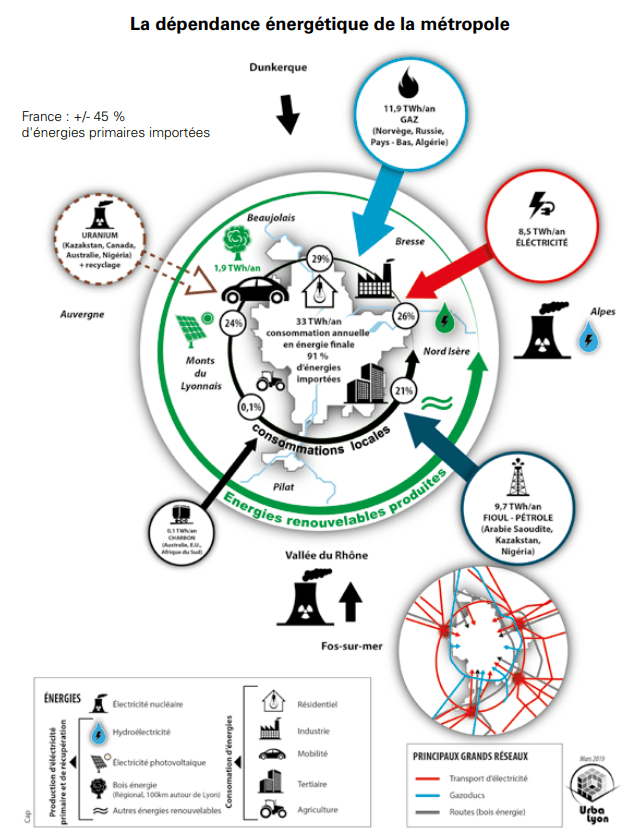 Avant de rentrer dans les détails économiques et d’emploi de l’agglomération lyonnaise, il me parait essentiel de faire une halte sur le sujet de l’approvisionnement énergétique et matériel du territoire. En effet, sans énergie ou apports de matière première, il est difficile d’imaginer une quelconque activité productive et c’est en ce sens qu’une analyse de la résilience et de l’autonomie parait incontournable.
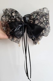 フラワーリボンは、繊細なデザインとともに質感の異なる素材が組み合わさり、上品な印象を演出します。さらに、リボンの底部にはクリスタルが輝き、後ろ姿に華やかさをプラスするのが魅力です。
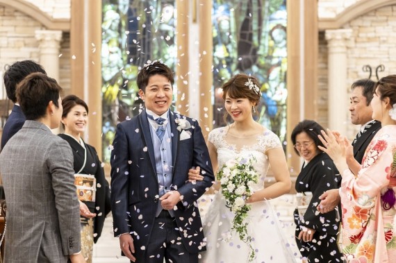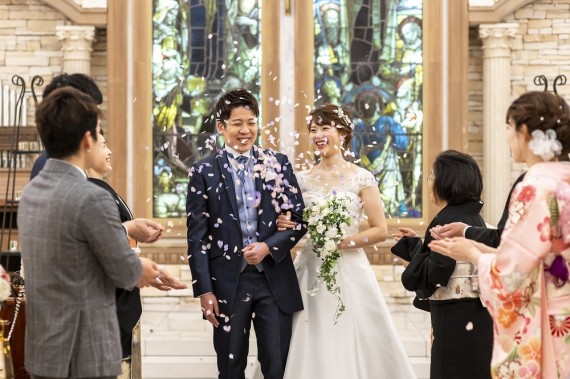 チャペルで皆様に囲まれたおふたりから、幸せオーラが溢れていますね♪
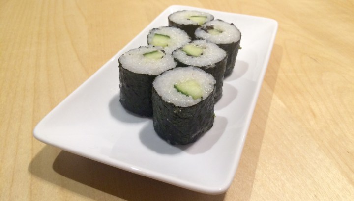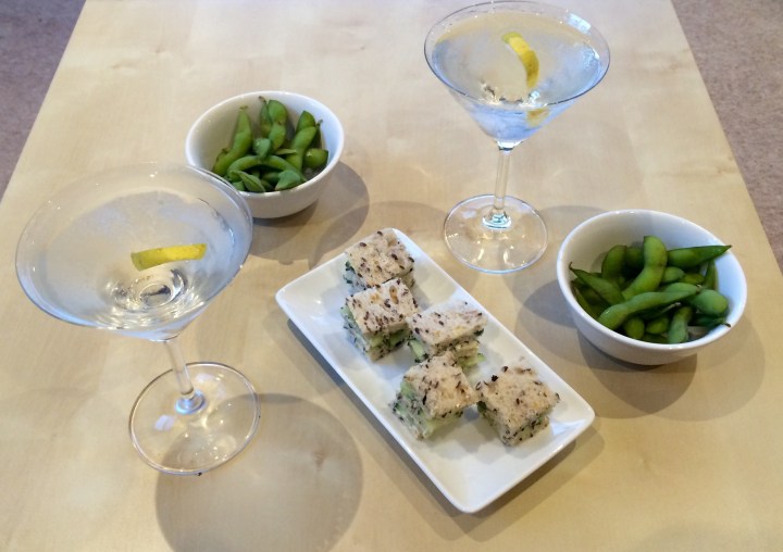 Inspired by a combination of Japanese makizushi rolls and a traditional British snack I made a triple-decker cucumber sandwich using the seaweed butter and a smear of wasabi, then cut it into small squares to serve with some martinis.

— ASSIGNMENT —
Return the material exactly as it reads, though without the pictures it holds.

— RESPONSE FOR THIS EXERCISE —
 Avant de rentrer dans les détails économiques et d’emploi de l’agglomération lyonnaise, il me parait essentiel de faire une halte sur le sujet de l’approvisionnement énergétique et matériel du territoire. En effet, sans énergie ou apports de matière première, il est difficile d’imaginer une quelconque activité productive et c’est en ce sens qu’une analyse de la résilience et de l’autonomie parait incontournable.
 フラワーリボンは、繊細なデザインとともに質感の異なる素材が組み合わさり、上品な印象を演出します。さらに、リボンの底部にはクリスタルが輝き、後ろ姿に華やかさをプラスするのが魅力です。
 チャペルで皆様に囲まれたおふたりから、幸せオーラが溢れていますね♪
 Inspired by a combination of Japanese makizushi rolls and a traditional British snack I made a triple-decker cucumber sandwich using the seaweed butter and a smear of wasabi, then cut it into small squares to serve with some martinis.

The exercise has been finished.